- Film poster
- Directed by: Trevor Anderson
- Written by: Trevor Anderson
- Produced by: Alyson Richards
- Narrated by: Trevor Anderson
- Cinematography: Peter Wunstorf
- Edited by: Justin Lachance
- Music by: Lyle Bell
- Release date: January 2019 (Sundance);
- Running time: 5 minutes
- Country: Canada
- Language: English

= Docking (film) =

2019 film

Docking is a Canadian short film, directed by Trevor Anderson and released in 2019. Mostly wordless apart from a brief introductory narration by Anderson, the film metaphorically explores his fears and insecurities about dating as a gay man through the depiction of a large penis flying alone through space until meeting another penis and docking with it.
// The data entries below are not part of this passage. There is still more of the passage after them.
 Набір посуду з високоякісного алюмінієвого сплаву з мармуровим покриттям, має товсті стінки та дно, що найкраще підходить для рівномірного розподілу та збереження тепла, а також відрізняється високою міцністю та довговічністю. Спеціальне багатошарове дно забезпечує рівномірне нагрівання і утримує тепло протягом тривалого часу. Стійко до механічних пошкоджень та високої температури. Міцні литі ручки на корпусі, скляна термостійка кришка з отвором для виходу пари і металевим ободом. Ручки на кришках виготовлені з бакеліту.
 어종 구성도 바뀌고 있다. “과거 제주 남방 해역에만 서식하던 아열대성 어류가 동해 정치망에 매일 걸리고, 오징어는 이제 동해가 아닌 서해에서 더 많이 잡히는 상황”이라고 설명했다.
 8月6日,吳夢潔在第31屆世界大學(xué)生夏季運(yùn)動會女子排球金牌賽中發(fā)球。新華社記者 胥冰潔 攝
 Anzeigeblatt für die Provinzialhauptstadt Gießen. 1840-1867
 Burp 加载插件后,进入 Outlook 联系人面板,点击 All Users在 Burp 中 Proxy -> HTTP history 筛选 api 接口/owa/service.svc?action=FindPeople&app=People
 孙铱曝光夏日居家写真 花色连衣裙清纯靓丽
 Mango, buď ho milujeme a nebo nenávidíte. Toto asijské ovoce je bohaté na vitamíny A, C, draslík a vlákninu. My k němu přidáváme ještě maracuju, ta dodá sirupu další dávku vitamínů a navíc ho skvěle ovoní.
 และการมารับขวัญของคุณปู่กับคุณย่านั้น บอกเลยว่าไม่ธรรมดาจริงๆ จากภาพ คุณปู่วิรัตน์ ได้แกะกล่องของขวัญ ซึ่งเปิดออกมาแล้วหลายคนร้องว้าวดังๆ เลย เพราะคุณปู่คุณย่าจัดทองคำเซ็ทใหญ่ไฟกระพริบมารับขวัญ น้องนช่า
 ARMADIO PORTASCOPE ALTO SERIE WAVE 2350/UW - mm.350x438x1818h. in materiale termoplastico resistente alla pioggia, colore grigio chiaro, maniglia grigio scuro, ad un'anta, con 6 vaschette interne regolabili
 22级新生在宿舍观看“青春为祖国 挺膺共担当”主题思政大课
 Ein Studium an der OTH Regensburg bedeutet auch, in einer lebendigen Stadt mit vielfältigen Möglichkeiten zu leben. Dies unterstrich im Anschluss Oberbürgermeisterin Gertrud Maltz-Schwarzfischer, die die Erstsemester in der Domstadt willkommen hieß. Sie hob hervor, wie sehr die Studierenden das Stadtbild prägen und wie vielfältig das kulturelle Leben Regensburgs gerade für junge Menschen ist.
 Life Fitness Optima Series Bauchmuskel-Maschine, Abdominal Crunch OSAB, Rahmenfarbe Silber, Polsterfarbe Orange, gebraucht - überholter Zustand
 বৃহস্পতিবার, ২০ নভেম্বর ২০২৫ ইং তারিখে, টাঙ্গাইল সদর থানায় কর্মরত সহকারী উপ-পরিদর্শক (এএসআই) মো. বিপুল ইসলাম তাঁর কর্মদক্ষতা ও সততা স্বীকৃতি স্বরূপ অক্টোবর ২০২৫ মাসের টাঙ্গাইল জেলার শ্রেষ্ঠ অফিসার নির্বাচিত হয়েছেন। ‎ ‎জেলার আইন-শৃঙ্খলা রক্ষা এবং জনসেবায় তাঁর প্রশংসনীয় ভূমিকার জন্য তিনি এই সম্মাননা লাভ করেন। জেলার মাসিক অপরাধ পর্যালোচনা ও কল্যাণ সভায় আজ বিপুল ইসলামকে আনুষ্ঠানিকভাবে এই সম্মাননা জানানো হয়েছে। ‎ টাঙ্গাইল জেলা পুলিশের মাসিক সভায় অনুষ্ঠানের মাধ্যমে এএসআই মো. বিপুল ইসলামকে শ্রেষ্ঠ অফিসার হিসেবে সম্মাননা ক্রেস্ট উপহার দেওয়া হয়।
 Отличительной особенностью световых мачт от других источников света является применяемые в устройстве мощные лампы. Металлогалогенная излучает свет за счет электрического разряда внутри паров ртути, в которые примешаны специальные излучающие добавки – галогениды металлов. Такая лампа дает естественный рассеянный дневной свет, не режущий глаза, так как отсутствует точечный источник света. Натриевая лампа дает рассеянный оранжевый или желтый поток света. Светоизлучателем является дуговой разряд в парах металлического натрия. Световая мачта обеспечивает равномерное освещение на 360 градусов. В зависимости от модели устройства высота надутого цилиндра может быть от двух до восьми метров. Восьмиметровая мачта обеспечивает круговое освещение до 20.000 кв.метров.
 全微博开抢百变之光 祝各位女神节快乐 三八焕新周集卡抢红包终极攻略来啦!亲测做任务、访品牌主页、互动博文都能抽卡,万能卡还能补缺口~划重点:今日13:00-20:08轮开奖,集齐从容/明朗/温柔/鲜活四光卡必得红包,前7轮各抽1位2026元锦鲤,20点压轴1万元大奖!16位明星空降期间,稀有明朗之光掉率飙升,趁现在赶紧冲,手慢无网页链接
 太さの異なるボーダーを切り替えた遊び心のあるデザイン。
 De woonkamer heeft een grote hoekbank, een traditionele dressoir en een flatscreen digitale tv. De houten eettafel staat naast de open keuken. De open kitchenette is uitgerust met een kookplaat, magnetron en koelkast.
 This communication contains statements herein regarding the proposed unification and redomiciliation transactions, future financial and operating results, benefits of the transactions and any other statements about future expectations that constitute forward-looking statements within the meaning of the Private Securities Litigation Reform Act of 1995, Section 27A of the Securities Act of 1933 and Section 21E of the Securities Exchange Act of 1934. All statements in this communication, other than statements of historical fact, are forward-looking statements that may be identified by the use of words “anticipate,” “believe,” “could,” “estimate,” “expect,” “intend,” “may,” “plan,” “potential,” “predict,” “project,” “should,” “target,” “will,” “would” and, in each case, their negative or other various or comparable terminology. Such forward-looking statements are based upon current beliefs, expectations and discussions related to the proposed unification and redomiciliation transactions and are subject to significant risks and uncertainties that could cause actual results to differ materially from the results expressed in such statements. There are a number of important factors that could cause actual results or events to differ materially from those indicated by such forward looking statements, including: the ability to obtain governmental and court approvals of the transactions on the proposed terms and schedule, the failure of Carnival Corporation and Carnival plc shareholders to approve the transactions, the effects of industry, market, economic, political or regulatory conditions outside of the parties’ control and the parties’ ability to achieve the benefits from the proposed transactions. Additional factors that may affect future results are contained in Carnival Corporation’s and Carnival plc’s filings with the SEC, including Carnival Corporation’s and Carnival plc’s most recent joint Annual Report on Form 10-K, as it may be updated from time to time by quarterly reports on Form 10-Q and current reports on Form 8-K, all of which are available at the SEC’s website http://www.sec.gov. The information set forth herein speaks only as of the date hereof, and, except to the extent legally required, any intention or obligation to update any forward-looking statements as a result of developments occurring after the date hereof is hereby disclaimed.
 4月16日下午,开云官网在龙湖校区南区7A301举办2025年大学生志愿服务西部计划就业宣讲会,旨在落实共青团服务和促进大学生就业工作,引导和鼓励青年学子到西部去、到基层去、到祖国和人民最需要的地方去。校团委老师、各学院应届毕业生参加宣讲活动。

Anderson worked with production designer Todd Cherniawsky and make-up artist Christien Tinsley to create the film. The score was composed by Lyle Bell, Anderson's bandmate in The Wet Secrets. Anderson has described the film as an attempt to push the boundaries of non-fiction filmmaking, by reducing the element of personal essay and increasing the element of cinematic fantasia; however, he has also acknowledged that he had some difficulty convincing arts funders that the film was meant as a serious artistic statement and not just a five-minute dick joke.

The film premiered at the 2019 Sundance Film Festival. In December 2019, the film was named to the Toronto International Film Festival's annual year-end Canada's Top Ten list for short films.

The film received a Canadian Screen Award nomination for Best Animated Short Film at the 8th Canadian Screen Awards in 2020.